The Witness – Vijnanamaya Kosha
Through the practice of awareness, we become very familiar with the witness within us. This is the place within us that can help us to begin discerning between thoughts and actions which serve us and those which deplete or diminish us. In that respect, we develop wisdom and wisdom applied can lead to personal growth and development. As we begin to discern those situations or relationships that bring us a sense of fulfilment, purposefulness, connection or invigorate our energy, and those which diminish or deplete our energy, we bring the power of choice. It’s through discernment that we choose more of what serves us, and less of what doesn’t. We can apply this discernment to our thoughts.
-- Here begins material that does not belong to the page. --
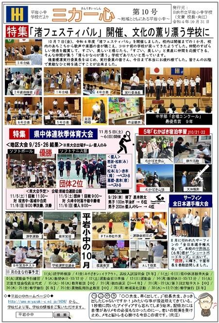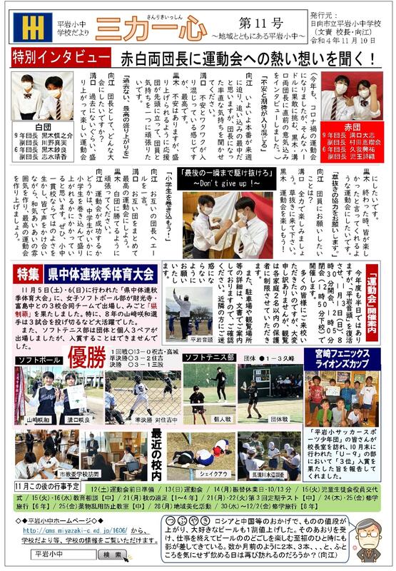さて、本日9/22(木)、令和4年度「平岩小中学校だより三力一心№9」を発行しました。
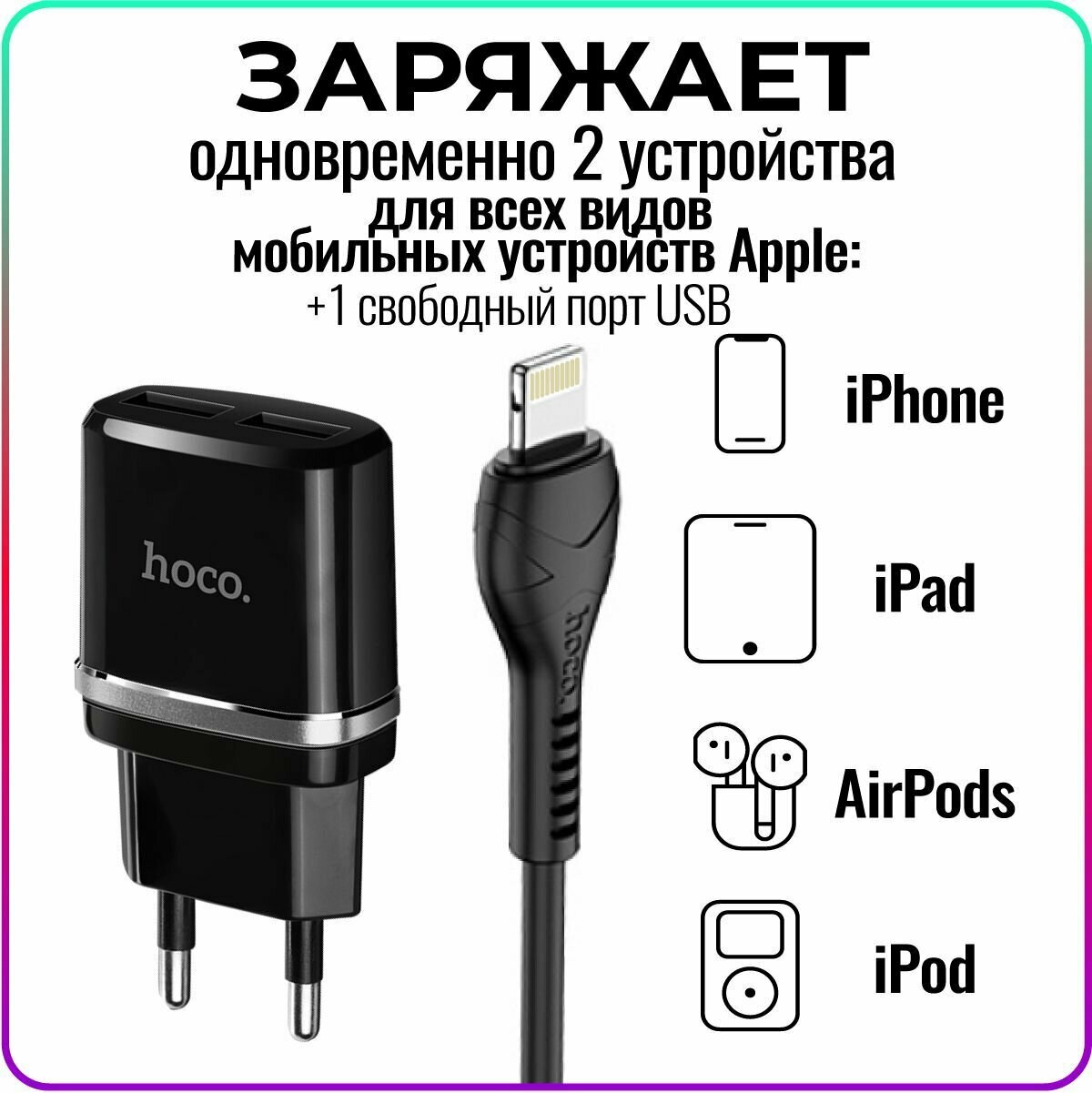 СохранитьСетевое зарядное устройство c 2 USB+кабель Lightning HOCO C12, черное, max 2.4A интересное:

We can notice how practicing gratitude feels or notice how negative rumination feels and do more of what serves us. We may notice that we breathe more easily, and more deeply or feel more relaxed when we’re engaged in situations or activities that are vitalising. Our thoughts become more peaceful, and when they don’t, we have the witness present to make the adjustment. This is how we cultivate energy.

Finding Peace - Anandamaya Kosha
Ultimately, we find awareness of the witness within us from a container of pure presence. As the witness body is strengthened, and we burn away layers of psychic plaque, we are left with the presence within, the vitality and space to experience our lives unfolding at the same time as participating fully. When we respond to what arises from within, and we’re close to all that is life affirming, we begin to live a life of fulfilment and purpose. We have faith in what arises for us, and the courage to express it freely.

We find ourselves feeling spacious and free at the same time as being safe and held. It’s here that we find deep and lasting peace that pours from the inside to the outside world and back again. Our peace becomes sustainable, like an innate wellspring of life; what holds us is also within us and this knowing allows us to surrender and flow with life fully and with the kind of balance which simultaneously nourishes us and those around us.